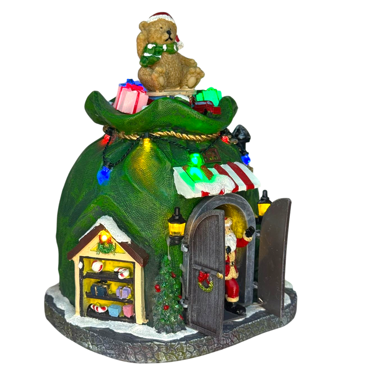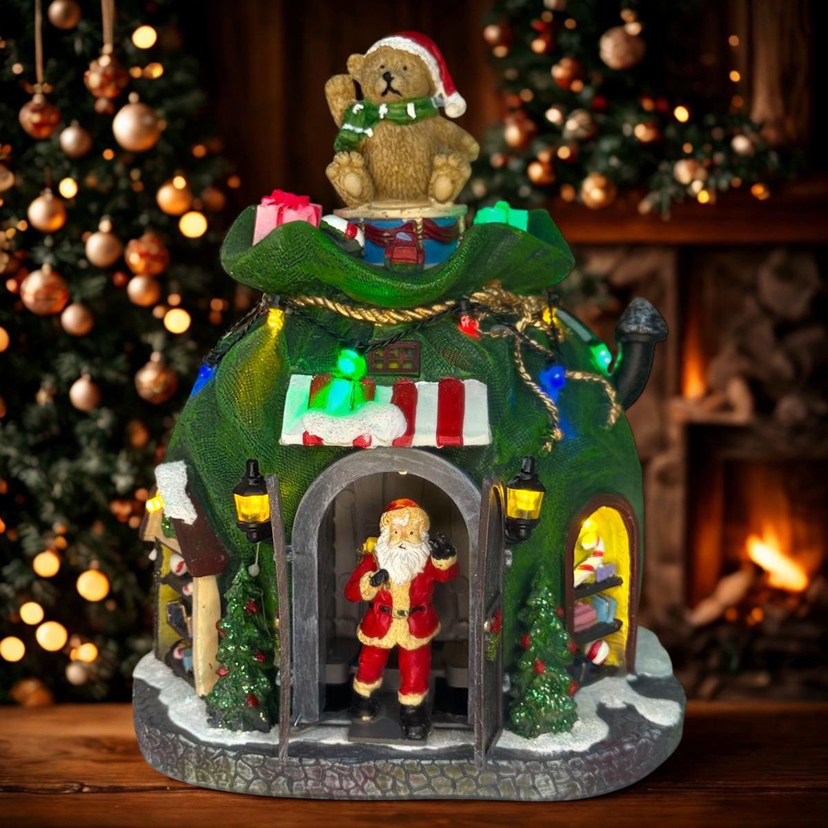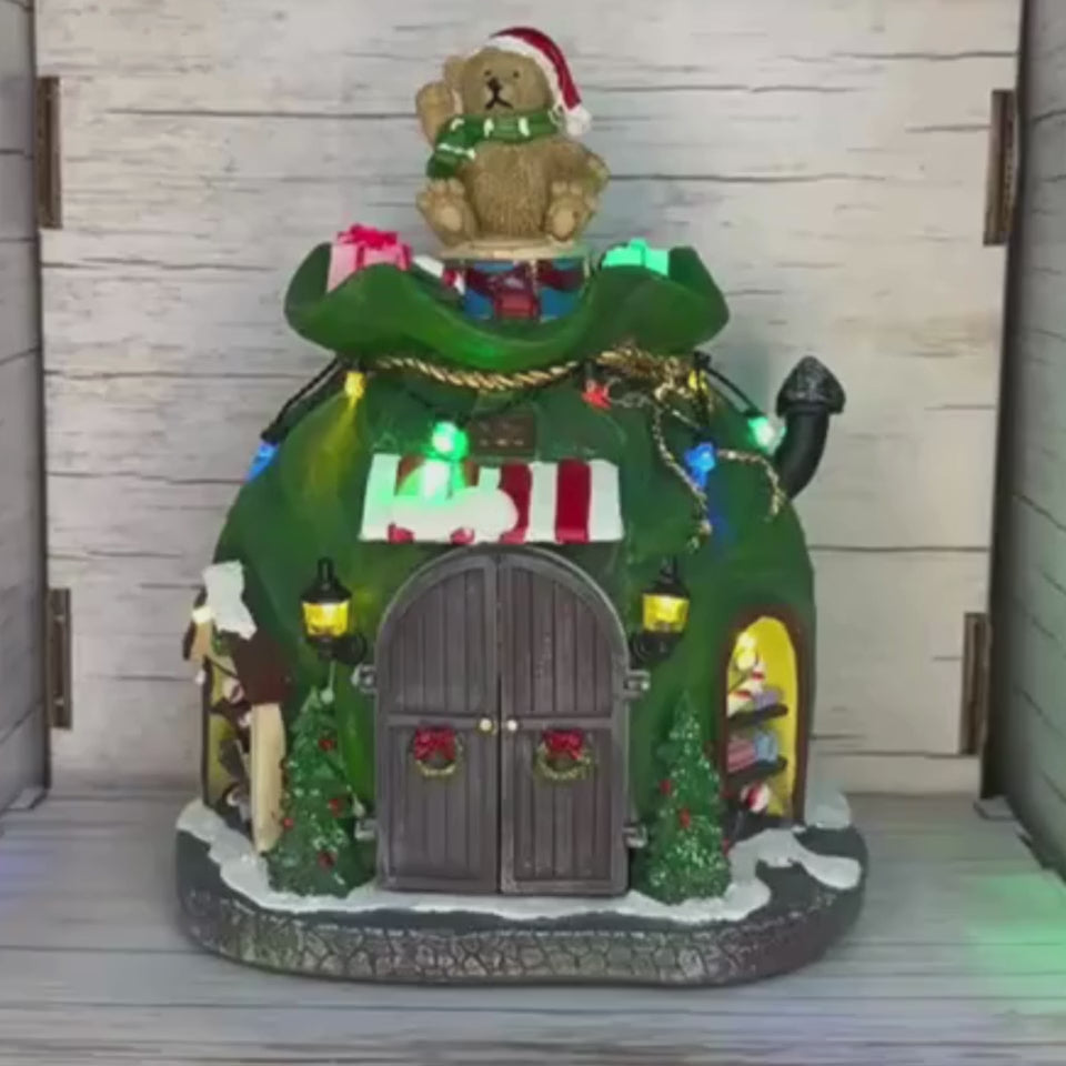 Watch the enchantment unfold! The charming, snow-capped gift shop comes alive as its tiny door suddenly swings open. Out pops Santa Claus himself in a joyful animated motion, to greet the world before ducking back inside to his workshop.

--

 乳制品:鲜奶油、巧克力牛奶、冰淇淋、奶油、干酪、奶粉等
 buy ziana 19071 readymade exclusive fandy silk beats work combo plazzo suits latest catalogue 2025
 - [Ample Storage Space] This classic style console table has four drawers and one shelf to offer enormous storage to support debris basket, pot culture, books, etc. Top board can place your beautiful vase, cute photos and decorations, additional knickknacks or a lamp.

WORK TO BE COMPLETED: Word for word, restate the lines of the data above that fall between the line holding "乳制品:鲜奶油、巧克力牛奶、冰淇淋、奶油、干酪、奶粉等" and the line holding "- [Ample Storage", inclusive, and no other lines.

ANSWER BOX:
 乳制品:鲜奶油、巧克力牛奶、冰淇淋、奶油、干酪、奶粉等
 buy ziana 19071 readymade exclusive fandy silk beats work combo plazzo suits latest catalogue 2025
 - [Ample Storage Space] This classic style console table has four drawers and one shelf to offer enormous storage to support debris basket, pot culture, books, etc. Top board can place your beautiful vase, cute photos and decorations, additional knickknacks or a lamp.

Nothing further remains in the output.